WHAT TO PRODUCE: Using the records below, quote only the span that opens with the line containing "2025-2학기 성적 이의 신청 관련 유의사항 안내" and closes with the line containing "シルク混のレディースシースル", exactly and inclusively.

RECORDS PROVIDED:
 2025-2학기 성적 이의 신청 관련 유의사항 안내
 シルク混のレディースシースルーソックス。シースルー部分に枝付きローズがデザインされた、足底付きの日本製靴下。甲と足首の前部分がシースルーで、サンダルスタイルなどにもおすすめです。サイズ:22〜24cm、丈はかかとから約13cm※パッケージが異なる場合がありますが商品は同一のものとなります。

---

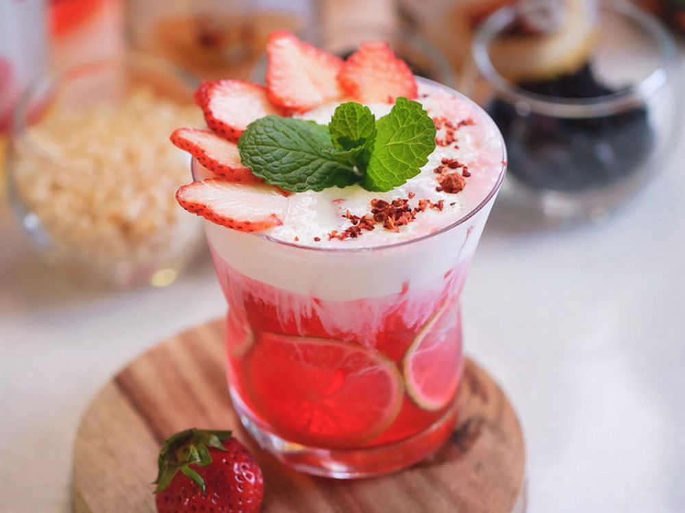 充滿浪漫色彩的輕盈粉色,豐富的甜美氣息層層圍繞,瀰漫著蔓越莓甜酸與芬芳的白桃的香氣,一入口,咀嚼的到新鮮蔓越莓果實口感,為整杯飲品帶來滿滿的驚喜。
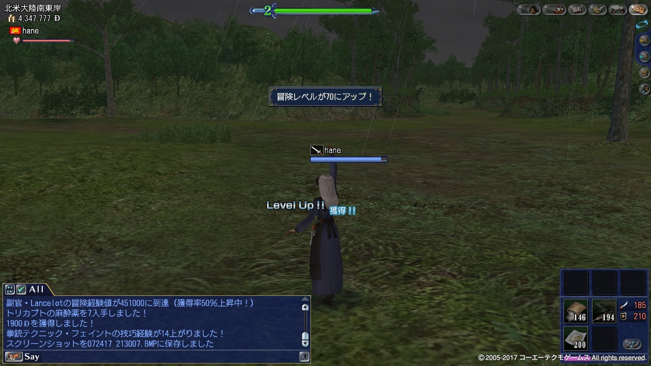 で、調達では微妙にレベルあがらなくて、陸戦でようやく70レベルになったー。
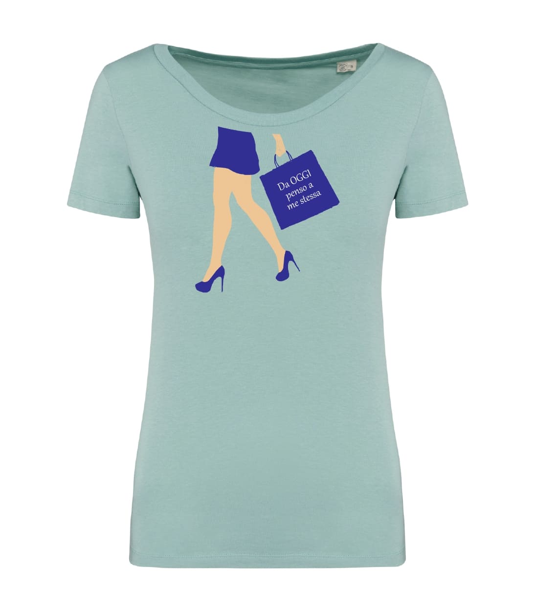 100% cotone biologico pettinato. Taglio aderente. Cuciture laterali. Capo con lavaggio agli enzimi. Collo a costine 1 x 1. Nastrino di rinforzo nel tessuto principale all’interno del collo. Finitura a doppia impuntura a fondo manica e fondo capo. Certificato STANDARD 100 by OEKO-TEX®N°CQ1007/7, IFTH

ANSWER FOR THIS EXERCISE:
 2025-2학기 성적 이의 신청 관련 유의사항 안내
 シルク混のレディースシースルーソックス。シースルー部分に枝付きローズがデザインされた、足底付きの日本製靴下。甲と足首の前部分がシースルーで、サンダルスタイルなどにもおすすめです。サイズ:22〜24cm、丈はかかとから約13cm※パッケージが異なる場合がありますが商品は同一のものとなります。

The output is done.